Assigned task:
Print word for word the first line of the listing below and every line after it, through the line with "56. Немецкий солдат". Leave out the pictures and the rest.

Data supplied:
========================================================================

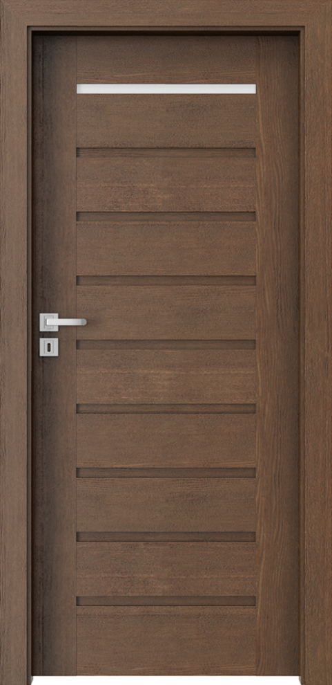 A door leaf is finished with Natural Veneer. Surface is protectedby ecological water-based varnishes. Select, Natural Oak and Satin (apart from white) veneers are hardened under UV lamp (semi-matt). Tempered frosted glass.
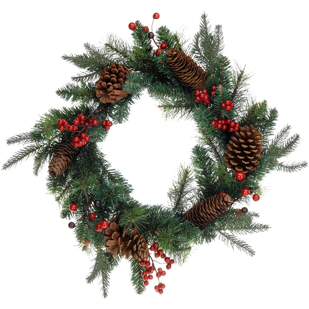 Klassieke kerstkrans met een diameter van 45 cm van realistisch naaldgroen, rijk versierd met dennenappels en takjes met rode bessen. Ideaal voor aan de deur, aan de muur of als middendecoratie op tafel. Realistische uitstraling, duurzame afwerking en een tijdloos feestelijk design voor een gezellige kerstsfeer.
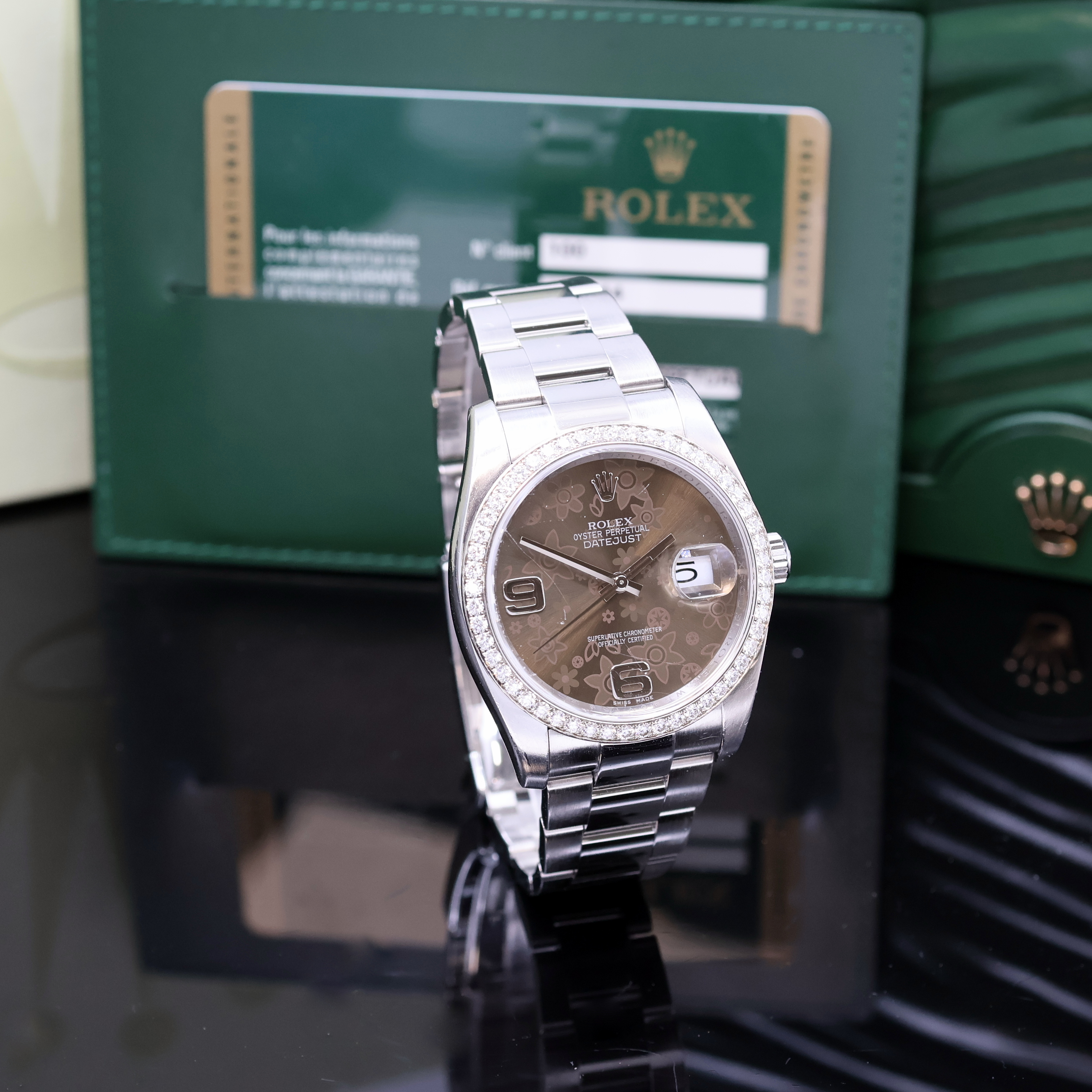 in Edelstahl inkl. Oysterband m. Faltschl., Lünette aufw. m. Brillanten bes., florales
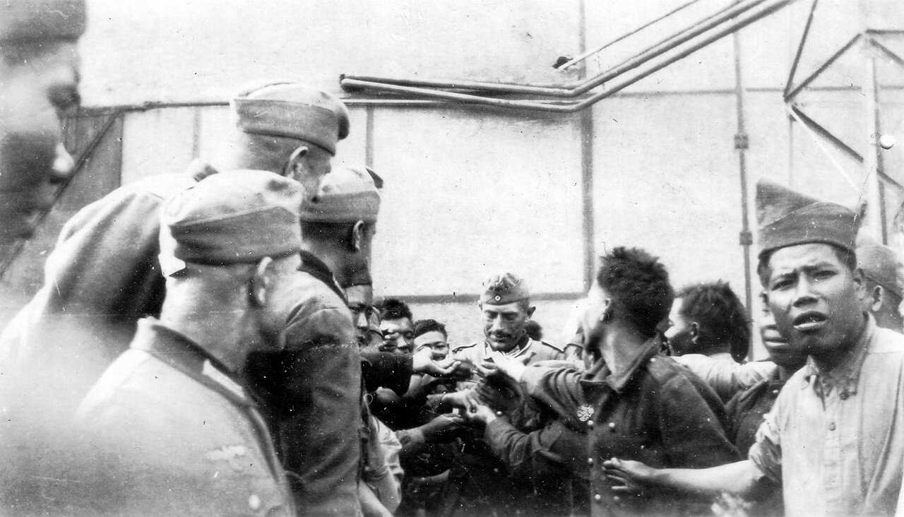 56. Немецкий солдат раздает сигареты пленным французских колониальных частей.
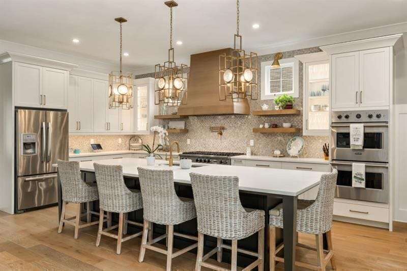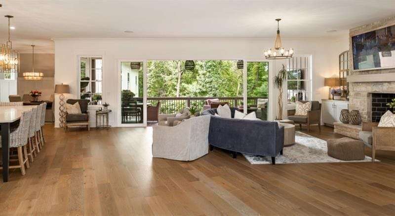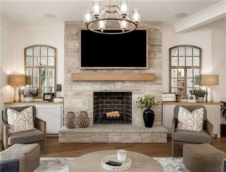 Custom Lakefront Home with Dock on Lake Lanier! Priced BELOW appraised value. Experience lakefront luxury with this stunning newly built custom home on Lake Lanier. Completed in 2024, this exquisite property offers the perfect blend of modern design, spacious living, and unparalleled lake views, located in the sought after Gainesville GA area, yet just inside Forsyth County. Enjoy breathtaking open water views and deep-water access. It's premier lakefront location with expansive water views from your private dock makes this property the perfect gem. The brand new 32' x 32' custom built dock by Martin Docks entertains well with single boat slip, spacious lower deck sitting area, and an upper party deck, perfect for enjoying the ultimate lake life. This Custom Home offers expansive open floor plan with high ceilings, large windows, and abundant natural light. Custom engineered white oak flooring throughout, provides a seamless and elegant look. Gourmet Kitchen with top-of-the-line appliances, custom cabinetry, and a large island opens to living area and large covered porch overlooking private courtyard. Gorgeous walk-in pantry with coffee bar, custom cabinetry and tons of storage. Four spacious bedrooms, five full baths, and two half baths. The primary suite features stunning lake views, a spa-like bath with a walk-in shower, soaking tub, and a custom closet. Two oversized laundry rooms, one upstairs, one down. Four beautifully designed fireplaces throughout the house. Huge Media Room equipped with a 160-inch screen, four custom built-in queen size bunk beds, and a full bath. Two family rooms, a game room with a full bar, ideal for entertainment and leisure. Three covered porches and one screened sleeping porch overlooking the lake. Enjoy the spectacular courtyard with an outdoor fireplace, large patio, outdoor grilling bar perfect for outdoor cooking, dining and entertaining. State-of-the-art finishes and features throughout. Entire house is insulated with spray foam walls and roofline for maximum energy efficiency, coupled with high-efficiency HVAC systems. Gated entry for privacy and security. This exquisite home combines luxury living with the tranquility of lakeside life. Whether you're looking for a primary residence or a vacation retreat, this property has everything you need for comfortable and stylish living. Don't miss the opportunity to own this spectacular home on Lake Lanier.
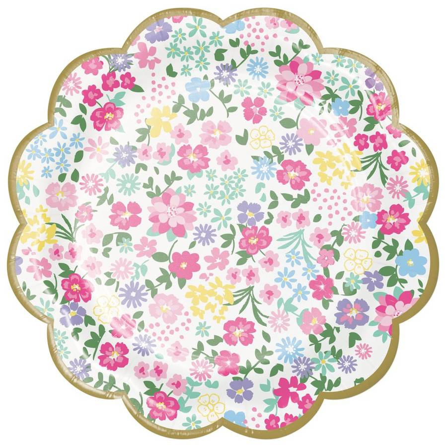 Talerzyki papierowe Tea Party Kwiatki mix 18 cm 8 szt.

========================================================================

Solution:
 A door leaf is finished with Natural Veneer. Surface is protectedby ecological water-based varnishes. Select, Natural Oak and Satin (apart from white) veneers are hardened under UV lamp (semi-matt). Tempered frosted glass.
 Klassieke kerstkrans met een diameter van 45 cm van realistisch naaldgroen, rijk versierd met dennenappels en takjes met rode bessen. Ideaal voor aan de deur, aan de muur of als middendecoratie op tafel. Realistische uitstraling, duurzame afwerking en een tijdloos feestelijk design voor een gezellige kerstsfeer.
 in Edelstahl inkl. Oysterband m. Faltschl., Lünette aufw. m. Brillanten bes., florales
 56. Немецкий солдат раздает сигареты пленным французских колониальных частей.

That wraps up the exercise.